In other news, mostly election-related:

  • One for Charles: 8-Day Campaign Finance Reports for RISD. This comes from a new-to-me local blog that covers Richardson, the suburb nearest to my house (I’m zoned to RISD but live in Dallas city limits). I’ll be keeping an eye on Mr Steger’s work from here on in.
  • Christian activists are fighting to glorify God in a suburban Texas school district. This is Grapevine-Colleyville ISD, and the article is a good primer on the Christian nationalist push into local school districts and the Patriot Mobile funding connection. One piece of information that’s new to me in this article but doesn’t surprise me in the least is that Ted Cruz’s pastor father is involved in Patriot Mobile. One more reason to get Cruz out of the Senate.

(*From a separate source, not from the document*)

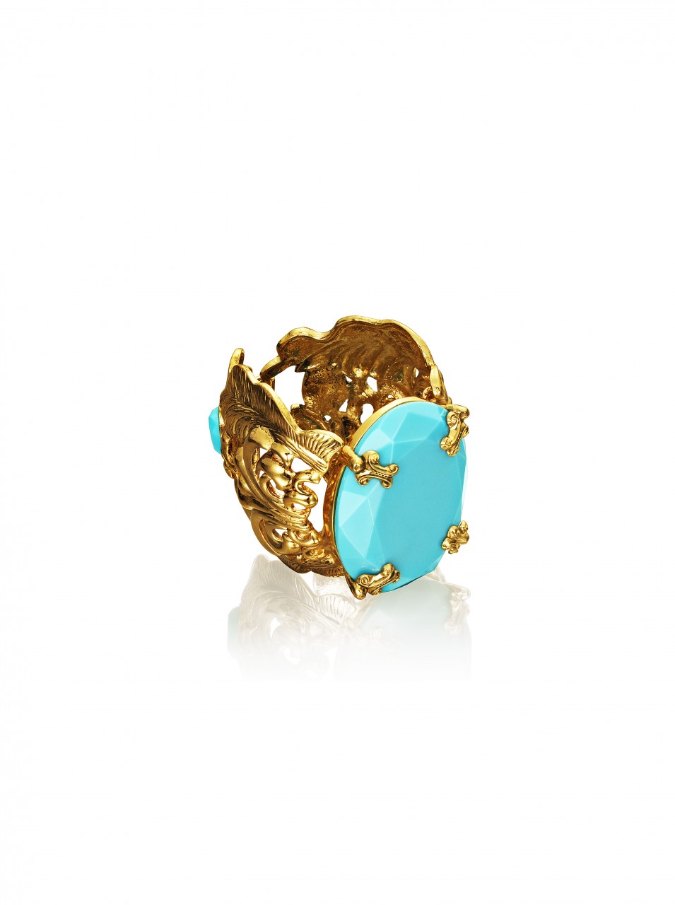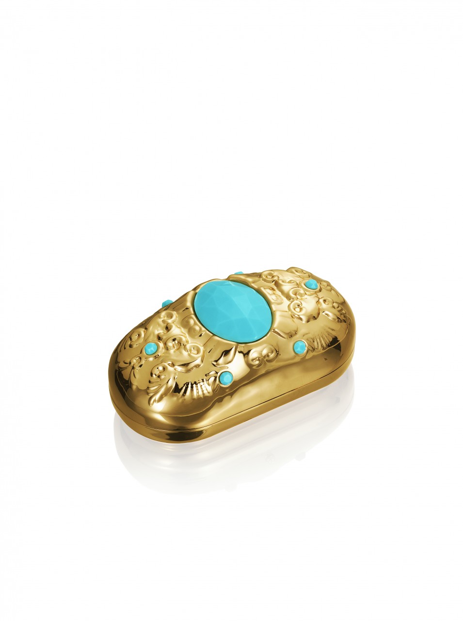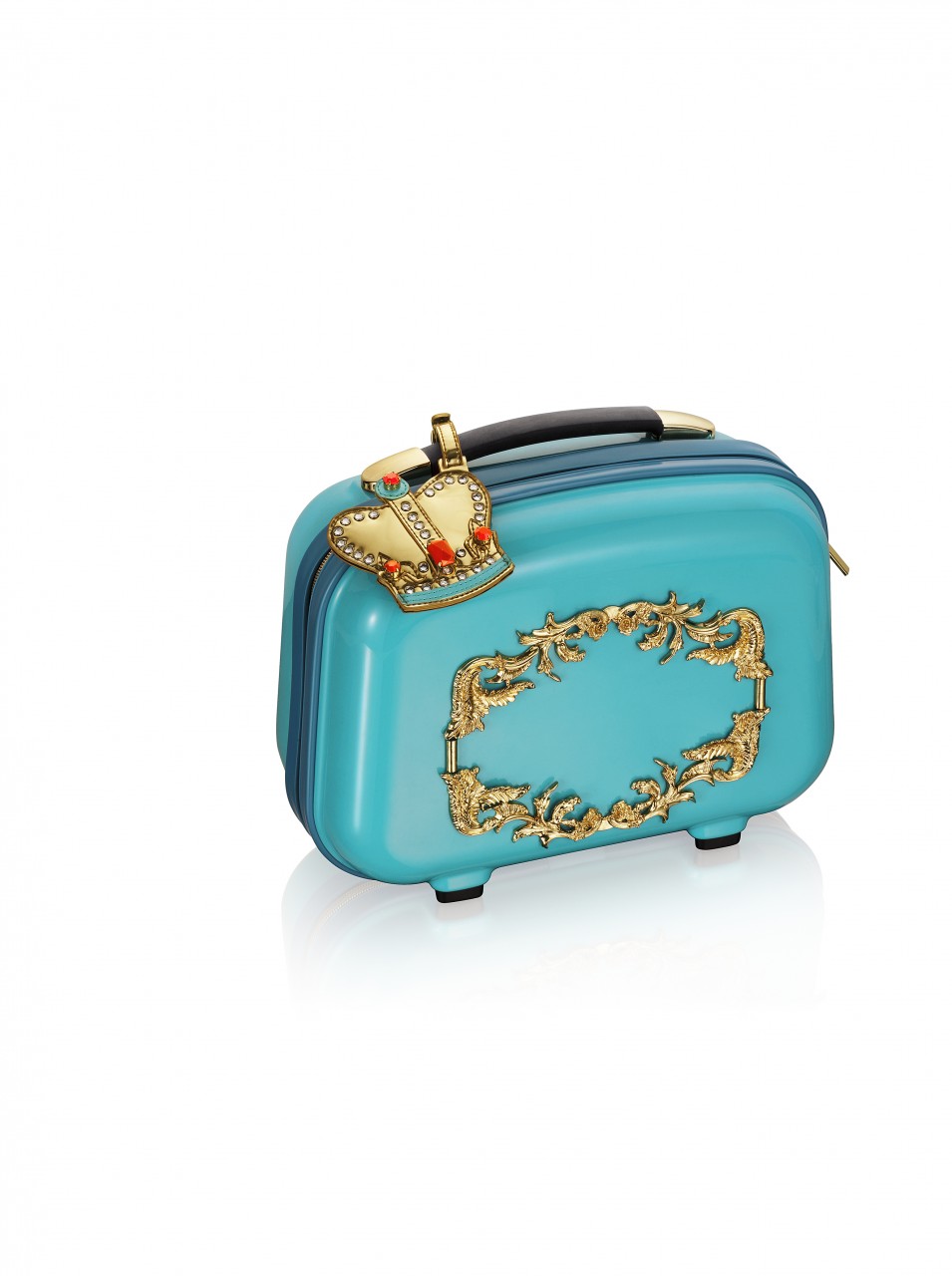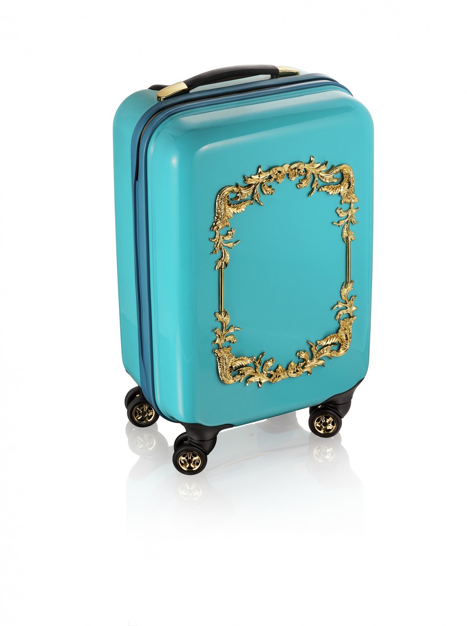 The collection features jewelry, sunglasses, accessories and shoes. In reflection of Anna Dello Russo’s playful nature, she has also created a special suitcase, a turquoise trolley with gold motifs designed to recreate the excitement for Fashion Week tours.

  • Related: This first-person account of the ongoing problems in GCISD. “We’re all out here voting for Republicans and being told a leftist takeover is happening in our schools.” I found this via Frankin Strong’s substack, which I once again commend to your attention.

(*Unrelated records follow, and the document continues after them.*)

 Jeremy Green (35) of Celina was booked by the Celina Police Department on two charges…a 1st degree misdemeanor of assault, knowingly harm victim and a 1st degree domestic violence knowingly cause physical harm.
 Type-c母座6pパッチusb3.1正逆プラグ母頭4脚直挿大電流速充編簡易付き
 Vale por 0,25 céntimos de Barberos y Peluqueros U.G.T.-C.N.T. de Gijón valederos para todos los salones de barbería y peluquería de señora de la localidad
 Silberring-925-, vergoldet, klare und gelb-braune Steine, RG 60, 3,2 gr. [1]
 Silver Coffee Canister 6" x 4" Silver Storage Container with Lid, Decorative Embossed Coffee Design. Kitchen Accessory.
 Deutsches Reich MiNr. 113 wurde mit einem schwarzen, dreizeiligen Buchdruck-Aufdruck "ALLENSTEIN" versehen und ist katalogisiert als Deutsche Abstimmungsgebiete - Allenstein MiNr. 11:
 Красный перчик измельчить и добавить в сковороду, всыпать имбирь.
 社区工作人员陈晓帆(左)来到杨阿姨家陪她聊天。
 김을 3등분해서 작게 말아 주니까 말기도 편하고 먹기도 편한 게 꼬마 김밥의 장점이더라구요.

  • Also in education news, but not about the election: Dallas ISD Superintendent Declares ‘State of Emergency’ on School Pay. “The appeal comes from roughly a dozen districts in the North Texas area, including Mesquite, Richardson, Frisco and Plano ISDs.” These are the suburban districts that kids get out of DISD to attend, so they’re better off than DISD. All of our public schools need more money; please keep that in mind as you vote, and particularly in races where the candidates favor vouchers and other means of putting public money into private schools.
  • Nonpartisan no more? PACs and donors shift the scales on fundraising power in Fort Worth. Some interesting numbers and detail on PAC donations for folks following Tarrant County. It’s easy to be nonpartisan when most everyone is a member of the same party, but things don’t work that way in 2023 and certainly not in the last reddish urban area in Texas.
  • In stories I thought might take the lead in today’s Dispatches, the DMN had an editorial about our only governor’s recent foot-in-mouth handling of the recent mass shooting in Cleveland: Texas’ latest mass shooting is about guns, not immigration (Archive link). In addition to how bad he looks to Texans, Abbott is a national embarrassment with respect to immigration policy (WaPo) on top of his many other bad policy takes. We have to vote him out.
  • Noting here that the latest on Bryan Slaton having sex with an intern too young to drink, mentioned by Charles earlier this week, got no traction with local news in Dallas.
  • The Lege is really Charles’ beat but I wanted to note this piece from the DMN: Electric vehicle owners would pay $200 annual fees under Texas bill sent to Gov. Abbott (Archive link). We’re currently considering a new car at our house, and while an additional $200 a year will just be part of the cost consideration if we decide on an EV, it’s enough to make a difference for a lot of people.
  • The Dallas Observer asks an important question: Where Do Newer Acts Fit Into SXSW Today? The answer is that SXSW is and has always been about exposure. When we lived in Austin (2007-2018), we were regular SXSW music-goers. One year we fell in love with a band called Katzenjammer that was playing in the street (Sixth is closed to vehicle traffic during the festival). We got their list of gigs and saw them several times during the festival, the last time at the late, lamented Threadgill’s, where I was interviewed by Norwegian TV. David Byrne also saw them at SXSW and they were at Bonnaroo that summer on a stage Byrne curated. (They never hit it really big in the US, alas, and broke up in 2016.) It’s not the norm, but it does happen, so some bands feel it’s worth it to work for the exposure. I’m not a musician, so I don’t have a dog in that hunt, but I can see both sides.
  • Exhibit on legendary Black lawman Bass Reeves opens at Fort Worth museum. I didn’t know about the National Multicultural Western Heritage Museum in Fort Worth but I’m going to have to check this exhibit out.